Welcome to Year 3

The Year 3 Team is:

3HB - Miss Bennett

3MB - Mr Bass

Teaching Assistants: Mrs Lynch

Mrs Boyce

Teacher: Mrs Cook

**HOMEWORK SCHEDULE**

Daily:

- Practice times tables
- Reading (out loud to an adult and being questioned about what they have read to check comprehension)
- RMEasimaths sessions Monday, Tuesday and Wednesday at 8.30am in the ICT suite if required.

Monday:

- Book change
- Homework due in school
- Word books due in school
- Spellings will be tested and set
- Cracking times tables will be tested

Wednesday:

- Book change

Friday:

- Homework set (maths/literacy/topic/project)
- Book change

**CRACKING TIMES TABLES**

I'm sure we all remember standing up, chanting tables at school (I know, I do!). Learning by rote is one strategy, but there are also other activities we can do with children to help them learn their tables.

Here are some strategies that you could try at home to help children with their tables. We hope you find it useful.

**Rhyme Time!**

Silly rhymes can help children learn tricky tables, eg

8 x 8 = 64 He ate and ate and was sick on the floor, 8 times 8 is 64.

3 x 3 = 9 Swing from tree to tree on a vine, 3 times 3 is 9.

7 x 7 = 49 Seven times seven is like a rhyme, it all adds up to 49.

**One less = nine!**

This is a strategy for learning the 9 x table. The key to it is that for any answer in the nine times table, both digits add up to 9. Try it and see!

- Subtract 1 from the number you are multiplying by, eg 7 x 9, one less than 7 is 6.
- This number becomes the first number in the answer: 7 x 9 = 6__
- The two numbers in the answer add up to 9 so the second number must be 3: 7 x 9 = 63

**9 x table on your fingers!**

- Hold your hands in front of you with your fingers spread out.
- For 9 x 4 bend your 4th finger down (like the picture)
- You have 3 fingers in front of the bent finger and 6 after the bent finger. Thus, the answer must be 36!
- The technique works for the 9 times table up to 10.

**Bingo!**

This game will need 2 players.

Make a grid of six squares on a piece of paper and ask your child to write a number in each square from the target tables. Give them a question and if they have the answer, they mark it off. First one to mark off all their numbers is the winner!

**Looking for patterns**

Being able to spot the patterns in numbers is an important skill and can also help with learning times tables. Children can investigate these multiplication rules:

- odd number x odd number = odd number (eg 3 x 5 = 15)
- even number x even number = even number (eg 4 x 6 = 24)
- odd number x even number = even number (eg 3 x 6 = 18)

**Flash Cards**

Once children know the times table facts in order, they can use flash cards (a pack of cards will suffice if you don't have flash cards, or you can make some) to practice the facts out of order. They could just use them to answer questions, or for an extra challenge, try it against the clock!

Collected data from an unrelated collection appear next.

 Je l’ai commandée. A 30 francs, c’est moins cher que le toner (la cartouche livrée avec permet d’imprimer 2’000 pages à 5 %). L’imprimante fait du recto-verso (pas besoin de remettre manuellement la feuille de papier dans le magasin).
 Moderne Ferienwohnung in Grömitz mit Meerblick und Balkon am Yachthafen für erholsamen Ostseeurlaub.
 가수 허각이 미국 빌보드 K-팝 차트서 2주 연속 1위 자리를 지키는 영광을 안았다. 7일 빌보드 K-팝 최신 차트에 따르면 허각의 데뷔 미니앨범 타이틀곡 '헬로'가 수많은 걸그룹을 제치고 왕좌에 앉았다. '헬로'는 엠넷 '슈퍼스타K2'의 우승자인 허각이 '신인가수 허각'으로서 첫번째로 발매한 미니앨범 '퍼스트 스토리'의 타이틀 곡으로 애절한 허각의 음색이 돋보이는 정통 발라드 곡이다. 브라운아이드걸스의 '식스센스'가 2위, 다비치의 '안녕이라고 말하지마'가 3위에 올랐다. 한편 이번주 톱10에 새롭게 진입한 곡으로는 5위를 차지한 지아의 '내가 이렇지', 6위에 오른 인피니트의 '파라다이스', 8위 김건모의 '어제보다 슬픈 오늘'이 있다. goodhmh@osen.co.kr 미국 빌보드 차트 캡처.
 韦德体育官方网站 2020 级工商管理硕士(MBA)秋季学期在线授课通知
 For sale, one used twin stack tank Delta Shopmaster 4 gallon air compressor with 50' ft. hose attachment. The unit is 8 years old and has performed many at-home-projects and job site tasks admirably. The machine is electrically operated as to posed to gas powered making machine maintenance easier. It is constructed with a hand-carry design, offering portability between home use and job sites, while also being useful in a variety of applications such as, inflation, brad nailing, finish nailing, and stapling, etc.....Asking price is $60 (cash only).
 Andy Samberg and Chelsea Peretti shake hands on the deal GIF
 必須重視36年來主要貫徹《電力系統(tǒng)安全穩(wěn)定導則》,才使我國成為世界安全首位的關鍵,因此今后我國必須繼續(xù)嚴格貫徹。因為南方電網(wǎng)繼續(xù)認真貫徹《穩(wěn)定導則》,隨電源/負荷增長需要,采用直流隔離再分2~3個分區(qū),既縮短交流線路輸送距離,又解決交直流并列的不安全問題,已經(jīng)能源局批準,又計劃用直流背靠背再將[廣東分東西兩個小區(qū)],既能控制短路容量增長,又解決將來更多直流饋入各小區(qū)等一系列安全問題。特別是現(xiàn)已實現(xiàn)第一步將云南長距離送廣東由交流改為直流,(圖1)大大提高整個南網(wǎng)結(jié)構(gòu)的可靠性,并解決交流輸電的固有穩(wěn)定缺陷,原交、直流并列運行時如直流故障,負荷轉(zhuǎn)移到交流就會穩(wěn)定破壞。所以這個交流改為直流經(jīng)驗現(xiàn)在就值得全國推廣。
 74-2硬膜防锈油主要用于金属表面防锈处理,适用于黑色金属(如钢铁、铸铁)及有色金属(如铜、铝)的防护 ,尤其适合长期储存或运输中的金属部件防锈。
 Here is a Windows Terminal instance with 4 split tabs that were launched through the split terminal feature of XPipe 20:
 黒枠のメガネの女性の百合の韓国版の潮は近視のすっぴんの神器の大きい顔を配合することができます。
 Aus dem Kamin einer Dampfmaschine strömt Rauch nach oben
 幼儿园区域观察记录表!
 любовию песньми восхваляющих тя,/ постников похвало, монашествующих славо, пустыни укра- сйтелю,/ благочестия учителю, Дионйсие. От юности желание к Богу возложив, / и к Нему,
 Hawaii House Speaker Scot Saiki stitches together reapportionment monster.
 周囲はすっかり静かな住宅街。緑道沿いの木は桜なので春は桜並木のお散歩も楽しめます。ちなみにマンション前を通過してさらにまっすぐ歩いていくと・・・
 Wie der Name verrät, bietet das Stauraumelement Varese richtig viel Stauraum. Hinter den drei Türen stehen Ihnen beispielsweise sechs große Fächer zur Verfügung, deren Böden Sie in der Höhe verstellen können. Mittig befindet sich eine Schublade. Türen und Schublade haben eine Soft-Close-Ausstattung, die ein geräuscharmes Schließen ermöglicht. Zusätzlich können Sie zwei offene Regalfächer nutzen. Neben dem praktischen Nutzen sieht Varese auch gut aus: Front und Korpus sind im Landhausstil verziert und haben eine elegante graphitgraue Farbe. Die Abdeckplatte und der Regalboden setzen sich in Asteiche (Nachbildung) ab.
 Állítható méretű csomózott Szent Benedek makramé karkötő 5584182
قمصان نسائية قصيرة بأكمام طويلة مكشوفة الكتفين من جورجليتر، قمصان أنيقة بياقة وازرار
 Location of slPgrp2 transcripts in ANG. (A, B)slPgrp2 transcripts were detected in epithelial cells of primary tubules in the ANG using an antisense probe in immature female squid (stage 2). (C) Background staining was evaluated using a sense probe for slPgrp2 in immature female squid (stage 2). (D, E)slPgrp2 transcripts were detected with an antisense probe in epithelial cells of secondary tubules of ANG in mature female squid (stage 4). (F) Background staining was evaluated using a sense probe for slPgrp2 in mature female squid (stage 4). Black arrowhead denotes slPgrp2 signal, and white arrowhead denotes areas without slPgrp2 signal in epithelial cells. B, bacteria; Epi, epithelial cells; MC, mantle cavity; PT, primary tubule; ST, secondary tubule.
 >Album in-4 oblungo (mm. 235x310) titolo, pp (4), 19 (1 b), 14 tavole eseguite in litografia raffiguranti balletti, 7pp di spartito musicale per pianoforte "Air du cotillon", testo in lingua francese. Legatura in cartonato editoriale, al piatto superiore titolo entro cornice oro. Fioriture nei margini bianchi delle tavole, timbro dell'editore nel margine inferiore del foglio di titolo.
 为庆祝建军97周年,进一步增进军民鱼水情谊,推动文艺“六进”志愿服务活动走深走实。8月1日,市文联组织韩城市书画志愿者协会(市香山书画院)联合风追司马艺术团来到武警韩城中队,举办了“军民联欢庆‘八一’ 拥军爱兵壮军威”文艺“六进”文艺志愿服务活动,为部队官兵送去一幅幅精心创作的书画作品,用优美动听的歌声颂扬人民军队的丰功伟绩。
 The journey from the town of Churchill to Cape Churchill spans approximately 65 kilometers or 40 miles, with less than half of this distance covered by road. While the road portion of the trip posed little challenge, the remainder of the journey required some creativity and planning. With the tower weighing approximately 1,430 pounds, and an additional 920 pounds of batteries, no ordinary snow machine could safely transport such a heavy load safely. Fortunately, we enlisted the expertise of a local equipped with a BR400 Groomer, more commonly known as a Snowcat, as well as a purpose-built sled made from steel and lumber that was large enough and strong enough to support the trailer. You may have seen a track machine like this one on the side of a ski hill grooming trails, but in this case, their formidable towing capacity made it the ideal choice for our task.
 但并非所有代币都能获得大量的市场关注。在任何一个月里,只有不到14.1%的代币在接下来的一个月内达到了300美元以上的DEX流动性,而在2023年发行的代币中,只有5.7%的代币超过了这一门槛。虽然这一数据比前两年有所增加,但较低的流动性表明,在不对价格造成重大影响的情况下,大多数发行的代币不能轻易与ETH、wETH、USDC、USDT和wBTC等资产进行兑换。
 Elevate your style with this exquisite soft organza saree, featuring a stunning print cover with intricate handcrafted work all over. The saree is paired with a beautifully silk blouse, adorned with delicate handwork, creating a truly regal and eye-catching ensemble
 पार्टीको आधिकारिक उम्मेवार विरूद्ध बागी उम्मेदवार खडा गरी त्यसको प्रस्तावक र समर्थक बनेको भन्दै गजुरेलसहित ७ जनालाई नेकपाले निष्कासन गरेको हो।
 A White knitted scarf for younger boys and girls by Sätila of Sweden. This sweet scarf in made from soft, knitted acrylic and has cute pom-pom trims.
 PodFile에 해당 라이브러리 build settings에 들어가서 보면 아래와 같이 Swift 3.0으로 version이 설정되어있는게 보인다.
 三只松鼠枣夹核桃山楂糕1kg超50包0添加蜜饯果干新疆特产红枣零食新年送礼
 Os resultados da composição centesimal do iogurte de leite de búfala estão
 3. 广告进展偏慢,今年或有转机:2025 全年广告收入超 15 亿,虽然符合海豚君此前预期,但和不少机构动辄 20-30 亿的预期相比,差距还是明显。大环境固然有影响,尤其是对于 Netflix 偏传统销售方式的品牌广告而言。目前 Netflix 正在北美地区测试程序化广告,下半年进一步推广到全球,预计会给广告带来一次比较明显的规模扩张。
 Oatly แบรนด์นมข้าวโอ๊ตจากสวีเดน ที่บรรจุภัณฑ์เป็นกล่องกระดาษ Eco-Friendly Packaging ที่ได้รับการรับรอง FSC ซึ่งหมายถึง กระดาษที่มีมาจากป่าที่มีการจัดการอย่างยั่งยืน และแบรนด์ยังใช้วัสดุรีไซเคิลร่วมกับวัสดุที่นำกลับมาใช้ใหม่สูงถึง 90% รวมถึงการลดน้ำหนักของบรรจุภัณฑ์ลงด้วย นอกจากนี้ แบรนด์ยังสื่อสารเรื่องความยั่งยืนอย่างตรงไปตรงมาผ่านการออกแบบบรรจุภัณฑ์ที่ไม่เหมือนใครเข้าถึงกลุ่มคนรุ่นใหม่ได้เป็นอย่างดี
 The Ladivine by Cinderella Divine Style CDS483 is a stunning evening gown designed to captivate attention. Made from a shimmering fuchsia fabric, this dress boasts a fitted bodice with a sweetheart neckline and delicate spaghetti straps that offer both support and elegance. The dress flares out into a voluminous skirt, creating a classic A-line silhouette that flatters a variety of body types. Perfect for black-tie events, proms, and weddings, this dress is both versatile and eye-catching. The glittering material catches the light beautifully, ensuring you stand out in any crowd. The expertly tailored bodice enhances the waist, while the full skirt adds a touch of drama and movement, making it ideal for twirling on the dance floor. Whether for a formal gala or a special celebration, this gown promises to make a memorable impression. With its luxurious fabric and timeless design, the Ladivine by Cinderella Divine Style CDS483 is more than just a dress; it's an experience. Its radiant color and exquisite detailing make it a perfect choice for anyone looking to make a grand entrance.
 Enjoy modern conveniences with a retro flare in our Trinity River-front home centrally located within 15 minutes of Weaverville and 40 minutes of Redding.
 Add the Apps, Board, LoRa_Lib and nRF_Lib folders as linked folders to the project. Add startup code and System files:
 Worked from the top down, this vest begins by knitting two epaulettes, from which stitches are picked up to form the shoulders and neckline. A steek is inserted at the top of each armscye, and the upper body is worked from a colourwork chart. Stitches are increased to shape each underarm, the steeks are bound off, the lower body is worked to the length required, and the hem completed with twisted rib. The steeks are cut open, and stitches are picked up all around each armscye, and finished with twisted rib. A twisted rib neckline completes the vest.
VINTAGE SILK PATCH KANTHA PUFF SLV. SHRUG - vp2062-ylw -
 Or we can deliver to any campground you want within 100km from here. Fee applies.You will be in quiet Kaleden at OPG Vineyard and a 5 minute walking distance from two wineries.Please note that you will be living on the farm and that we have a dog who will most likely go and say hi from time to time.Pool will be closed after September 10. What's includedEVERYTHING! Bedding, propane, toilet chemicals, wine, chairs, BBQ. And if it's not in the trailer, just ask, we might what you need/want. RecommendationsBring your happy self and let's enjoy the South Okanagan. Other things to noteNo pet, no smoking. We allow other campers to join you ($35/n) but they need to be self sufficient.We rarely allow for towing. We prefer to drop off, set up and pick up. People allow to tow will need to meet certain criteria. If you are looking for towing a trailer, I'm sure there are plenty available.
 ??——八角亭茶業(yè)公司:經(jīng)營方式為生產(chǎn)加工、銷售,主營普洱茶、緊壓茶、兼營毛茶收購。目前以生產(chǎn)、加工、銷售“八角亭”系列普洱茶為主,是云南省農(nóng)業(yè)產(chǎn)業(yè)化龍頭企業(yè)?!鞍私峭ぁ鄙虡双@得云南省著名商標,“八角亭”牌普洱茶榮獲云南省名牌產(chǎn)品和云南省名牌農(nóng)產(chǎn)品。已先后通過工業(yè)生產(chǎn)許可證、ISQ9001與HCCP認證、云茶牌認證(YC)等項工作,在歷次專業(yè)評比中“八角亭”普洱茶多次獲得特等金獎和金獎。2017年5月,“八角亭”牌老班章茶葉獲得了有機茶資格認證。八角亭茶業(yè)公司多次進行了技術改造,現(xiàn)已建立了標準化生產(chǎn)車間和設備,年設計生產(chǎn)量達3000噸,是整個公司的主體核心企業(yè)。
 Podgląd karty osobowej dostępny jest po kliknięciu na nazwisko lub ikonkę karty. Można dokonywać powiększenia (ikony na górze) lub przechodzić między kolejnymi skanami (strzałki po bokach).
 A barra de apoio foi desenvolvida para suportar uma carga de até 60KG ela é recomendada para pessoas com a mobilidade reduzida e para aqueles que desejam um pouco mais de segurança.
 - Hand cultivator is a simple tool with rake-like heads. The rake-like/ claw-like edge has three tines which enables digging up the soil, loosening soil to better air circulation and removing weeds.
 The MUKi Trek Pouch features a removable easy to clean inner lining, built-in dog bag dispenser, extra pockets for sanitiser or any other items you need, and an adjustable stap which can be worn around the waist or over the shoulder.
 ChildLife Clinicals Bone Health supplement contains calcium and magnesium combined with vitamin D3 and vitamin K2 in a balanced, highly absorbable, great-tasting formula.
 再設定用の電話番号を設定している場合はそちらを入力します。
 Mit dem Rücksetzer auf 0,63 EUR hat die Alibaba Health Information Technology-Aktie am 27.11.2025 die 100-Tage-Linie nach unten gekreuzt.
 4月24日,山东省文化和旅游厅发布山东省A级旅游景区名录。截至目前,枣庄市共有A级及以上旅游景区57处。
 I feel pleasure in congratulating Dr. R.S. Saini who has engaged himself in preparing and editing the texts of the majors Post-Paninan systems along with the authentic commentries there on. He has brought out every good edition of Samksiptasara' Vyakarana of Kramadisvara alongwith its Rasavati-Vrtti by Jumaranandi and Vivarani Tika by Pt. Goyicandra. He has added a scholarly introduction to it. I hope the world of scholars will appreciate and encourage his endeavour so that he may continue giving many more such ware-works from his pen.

Flash cards could also be stuck around the house to help children learn the facts!

**Websites**

https://www.timestables.co.uk/

This website has speed tests and games which some children may find fun.

**Tricky Sixes**

Six times tables can be tricky to learn. One helpful trick is that in the 6 times tables, when you multiply an even number by 6, they both end in the same digit:

2 x 6 = 12

4 x 6 = 24

6 x 6 = 36

8 x 6 = 48

**Double, Double!**

A quick trick for learning the fours is just to double, double. Double the number and then double it again.

eg 3 x 4 double 3 is 6, double 6 is 12 3 x 4 = 12

See if you can use this method with other times tables.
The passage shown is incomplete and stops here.